As the sun set on the final day of the Word Riders 2017 tour, it was apparent that something very powerful was at work both within this group and in the work they do out in the sowing field.
For first-timer, Chris Devenish, it truly was a life-altering week.
“It was an awesome, life-changing experience. I can’t describe it any other way. Riding (the motorcycles) was fun but the way it opened up our eyes – we, who come from a privileged background… it was absolutely amazing. I can now understand why this man cuts in front of me in the traffic, because I now know where he comes from. We need to understand that there are some of those little ones that we saw this week who will never leave the village. So the guy who managed to leave the village and is now cutting in, he rose up and we should respect that. I get home every evening hot under the collar because of people driving the way they do. That needs to change, and it is going to change. It has changed – thanks to the Word Riders.”
Richard Matchett is equally excited about the country’s future after his experiences with the children this week.
“I apologised to a teacher for making a row and upsetting their day, she just laughed and said, ‘the children are very excited that white people have come into the village’. I thought that is a very interesting perspective, I thought she would have said, ‘…that bikers have come in’, but it was just this distinction and an appreciation that our worlds overlapped. When we, as South Africans, really do cross these invisible lines it causes more excitement than we realise. The country wants to move forward. The country wants to join hands and be family. I find it incredible to see these little people who are going to be the people that are going to make our country work in future. We need to keep praying that they will grow up into adults who will really take seriously the ideas and dreams that are in their heads and pray that the Lord takes these seeds and grows them into mature Christians to be part of his plan in South Africa,” Richard said.
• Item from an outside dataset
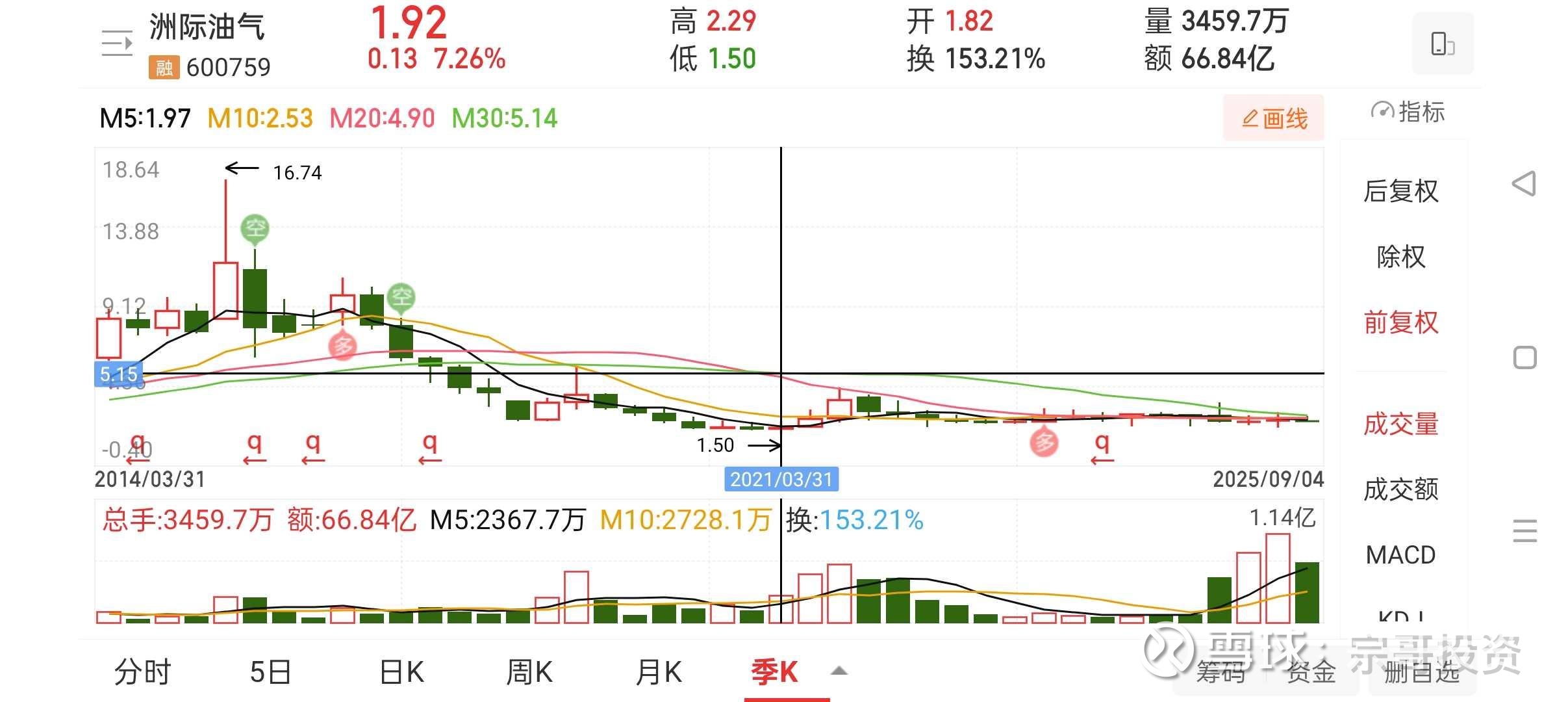 洲际油气的专属熊市周期(2015年)16.74元下跌到(2021年)股价1.5元

Koos de Wet was grateful for travelling mercies.
“We did not expect the whole off-road thing. We did an off-road course a while back during which I dropped the bike in the mud several times and I told myself that I will never ride on a gravel road again. And then we come on this tour where we face these serious off-road conditions.
But, I think the Lord is also good to us in the sense that we do need to walk on difficult paths, like it says in Psalms, ‘…he causes me to stand on the heights.’ I think on this trip he has made us stand safely on high places and we thank him that no one was injured.”
Dirk Gevers, CEO of the Bible Society, joined us this evening after just returning from a trip to Europe where he attended a publishers convention.
“I was in a little town outside of Berlin and the theme of the convention was Breaking barriers and bringing Hope, which was very significant given where it was held. As I listen to you all this evening, I think that could just as easily have been a theme that would apply to this Word Riders tour – breaking barriers and bringing hope is exactly what you have been doing this week,” Dirk explained.
“When I read about the Off -the-map Tour it actually took me back to when the Bible Society began 213 years ago.
“That is exactly what happened – a little girl, Mary Jones, walked 47 km where there were no roads because she so desperately wanted a Bible of her own. Then Reverend Thomas Charles, did exactly what you did this week, but he did it on a horse. You took your bikes into places where maybe cars can’t go readily and you took Bibles to the children so they didn’t have to walk 47 km to get a Bible. What you are doing is absolutely in the tradition and the spirit of Bible Society work, which is taking the word of hope to people who need it.”